PROBLEM TO SOLVE:
Shown below is a listing with pictures; reproduce exactly, and only, the lines between the ones containing "Rekvisita till reklamfilm." and "Hogaamiyaha Ku-meel-gaarka ah", inclusive, leaving the pictures out.

DATA TO EXAMINE:
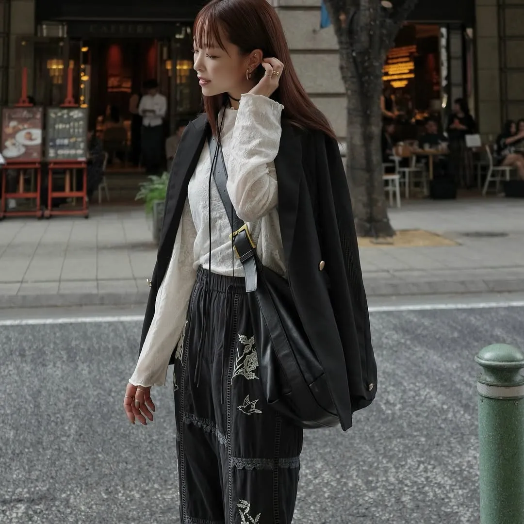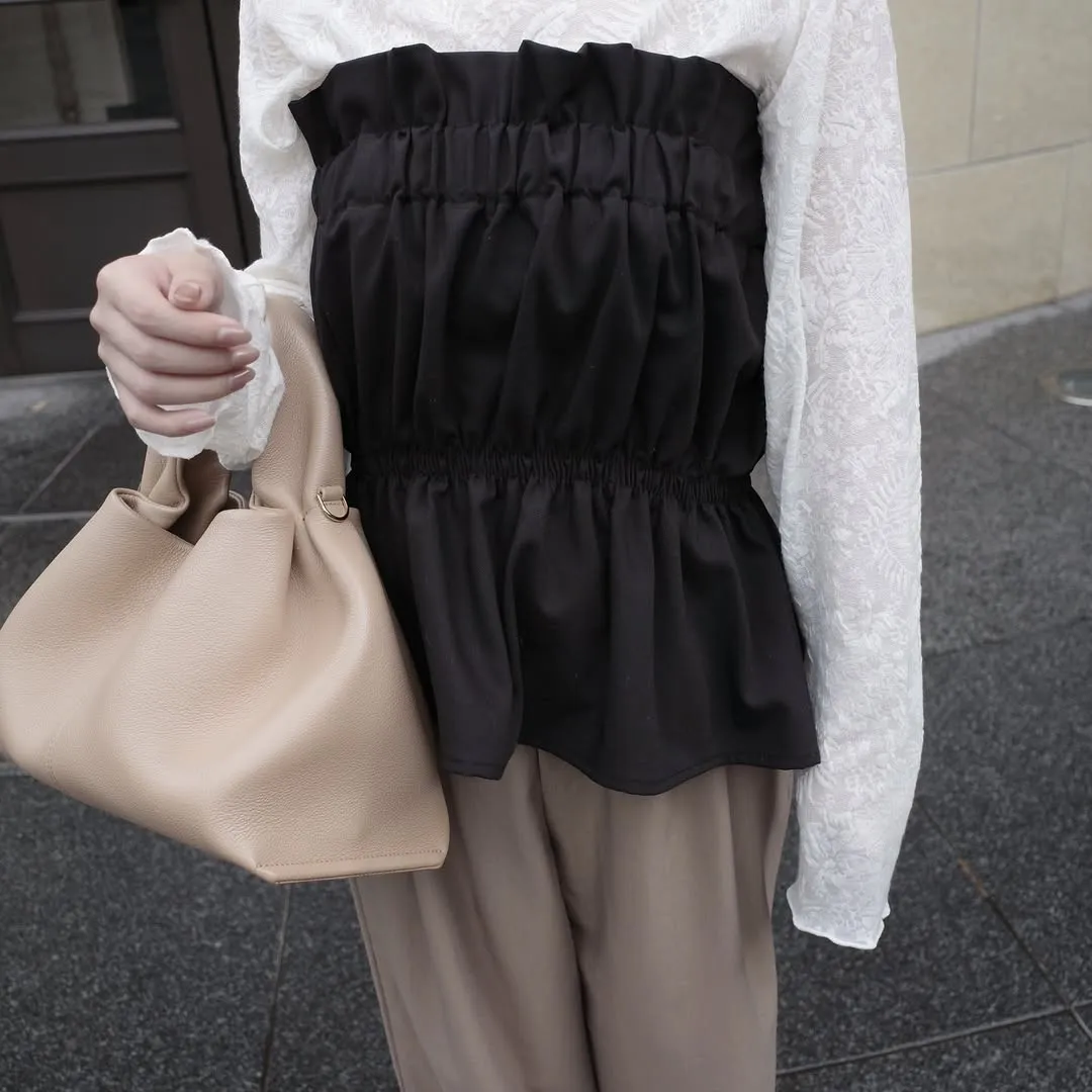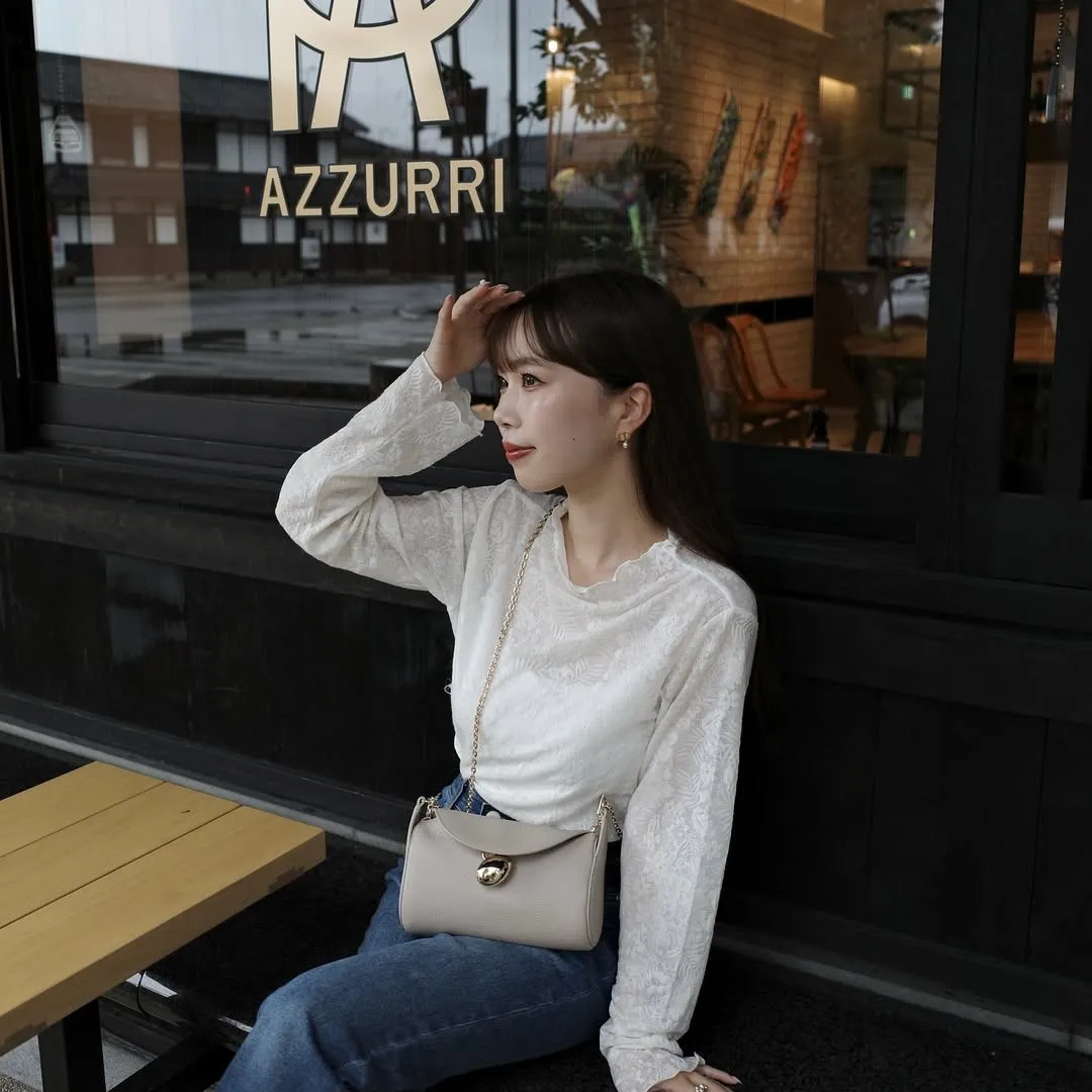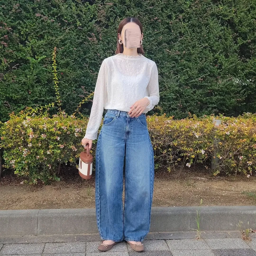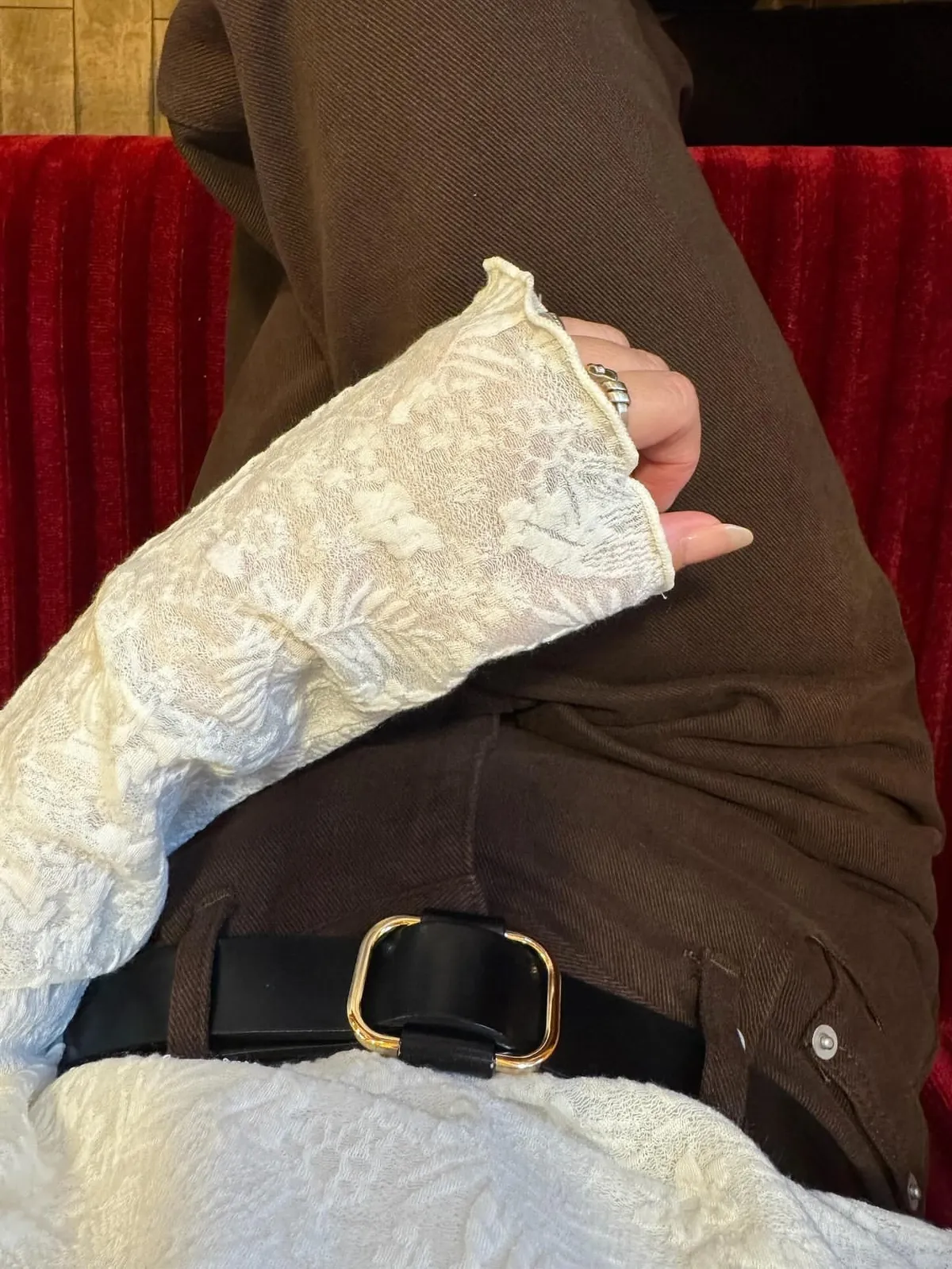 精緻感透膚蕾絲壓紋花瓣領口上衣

---

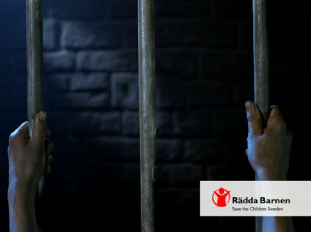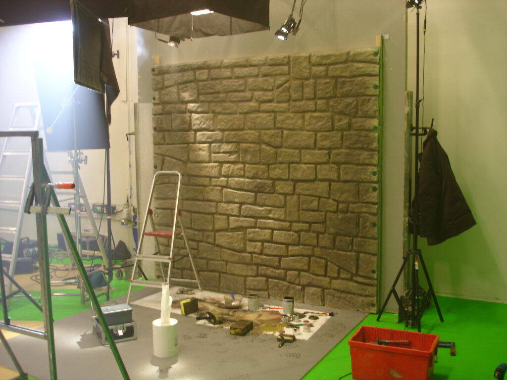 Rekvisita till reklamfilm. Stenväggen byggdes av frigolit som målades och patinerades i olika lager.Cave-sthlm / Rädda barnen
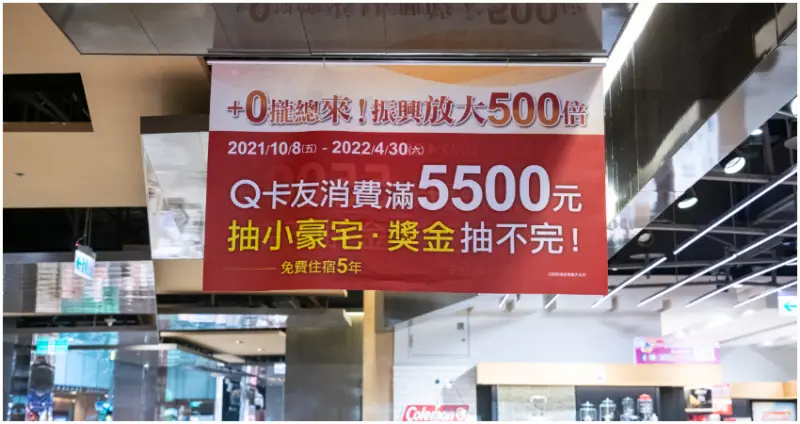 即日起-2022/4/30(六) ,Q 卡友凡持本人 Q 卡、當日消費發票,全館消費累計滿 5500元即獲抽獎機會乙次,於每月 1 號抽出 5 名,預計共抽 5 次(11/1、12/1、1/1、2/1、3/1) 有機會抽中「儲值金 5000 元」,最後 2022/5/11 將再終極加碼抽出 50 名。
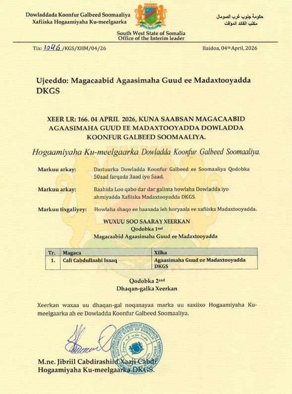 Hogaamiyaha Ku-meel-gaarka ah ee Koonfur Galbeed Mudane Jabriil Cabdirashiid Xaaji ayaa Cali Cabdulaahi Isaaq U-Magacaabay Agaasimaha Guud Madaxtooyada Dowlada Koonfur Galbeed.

--

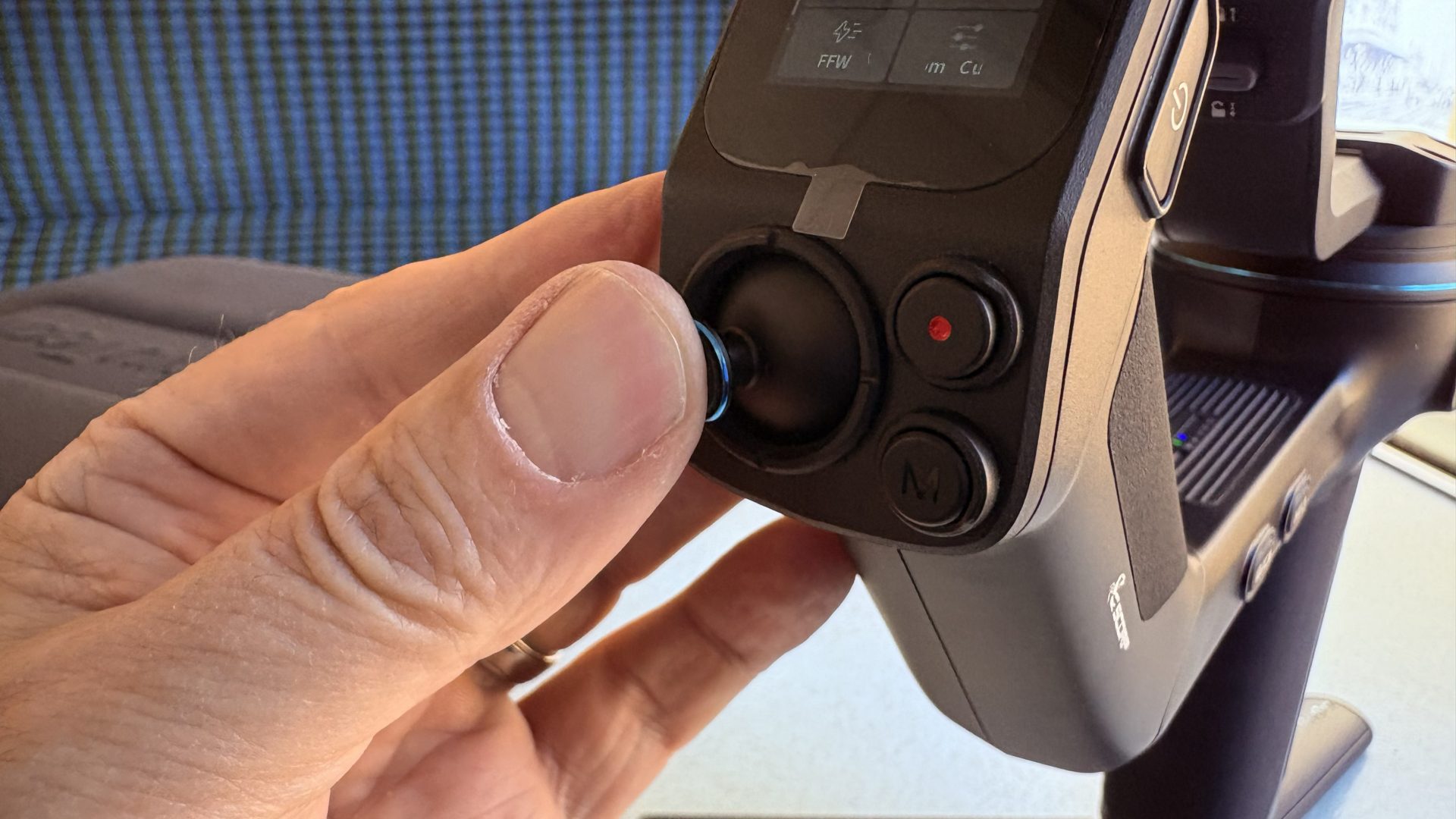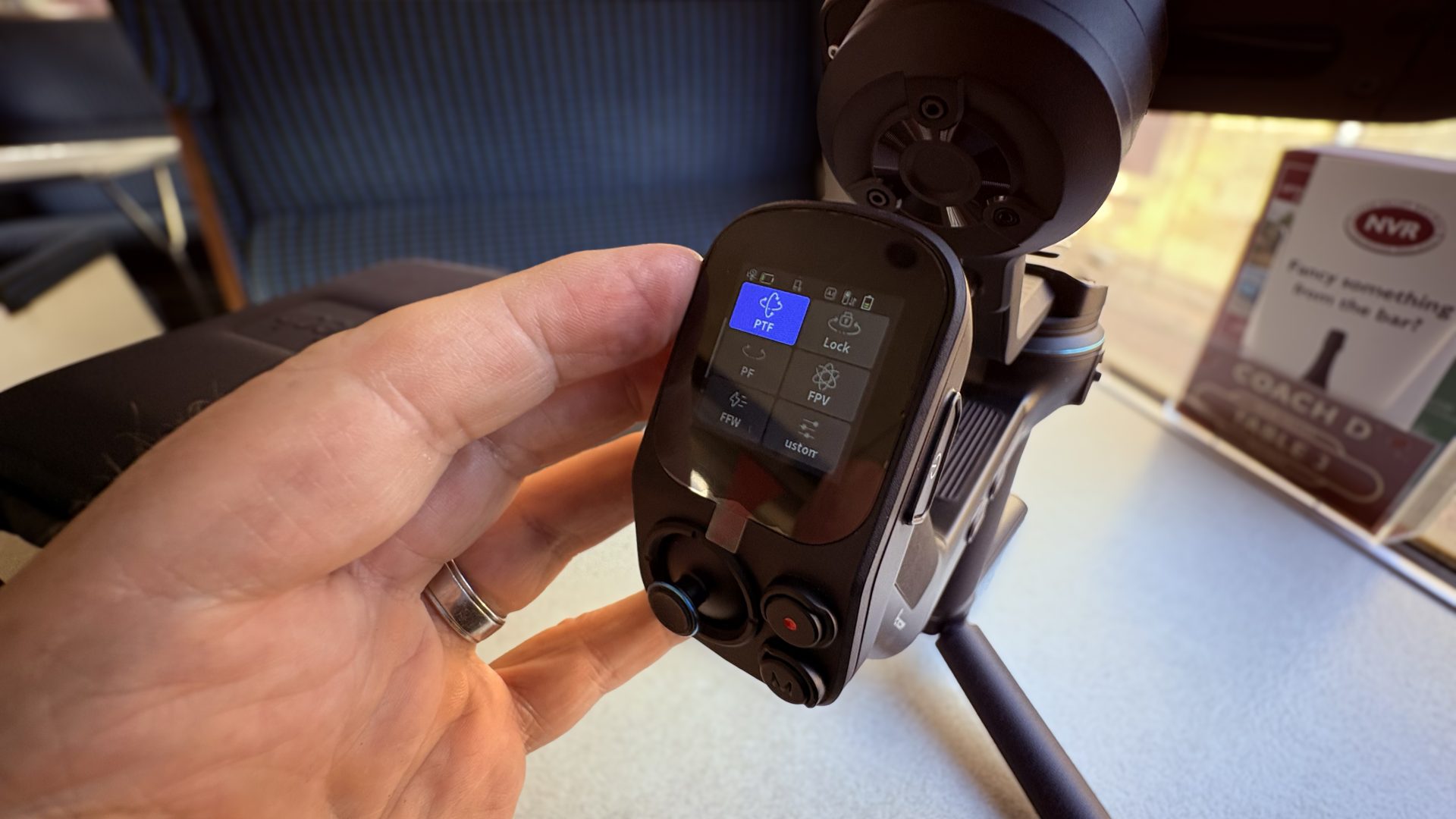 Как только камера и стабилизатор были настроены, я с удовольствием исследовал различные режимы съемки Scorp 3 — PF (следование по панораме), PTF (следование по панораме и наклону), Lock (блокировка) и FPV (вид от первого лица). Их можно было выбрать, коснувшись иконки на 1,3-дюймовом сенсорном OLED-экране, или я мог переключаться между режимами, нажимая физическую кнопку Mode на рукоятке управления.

OUTPUT OF THE TASK:
 Rekvisita till reklamfilm. Stenväggen byggdes av frigolit som målades och patinerades i olika lager.Cave-sthlm / Rädda barnen
 即日起-2022/4/30(六) ,Q 卡友凡持本人 Q 卡、當日消費發票,全館消費累計滿 5500元即獲抽獎機會乙次,於每月 1 號抽出 5 名,預計共抽 5 次(11/1、12/1、1/1、2/1、3/1) 有機會抽中「儲值金 5000 元」,最後 2022/5/11 將再終極加碼抽出 50 名。
 Hogaamiyaha Ku-meel-gaarka ah ee Koonfur Galbeed Mudane Jabriil Cabdirashiid Xaaji ayaa Cali Cabdulaahi Isaaq U-Magacaabay Agaasimaha Guud Madaxtooyada Dowlada Koonfur Galbeed.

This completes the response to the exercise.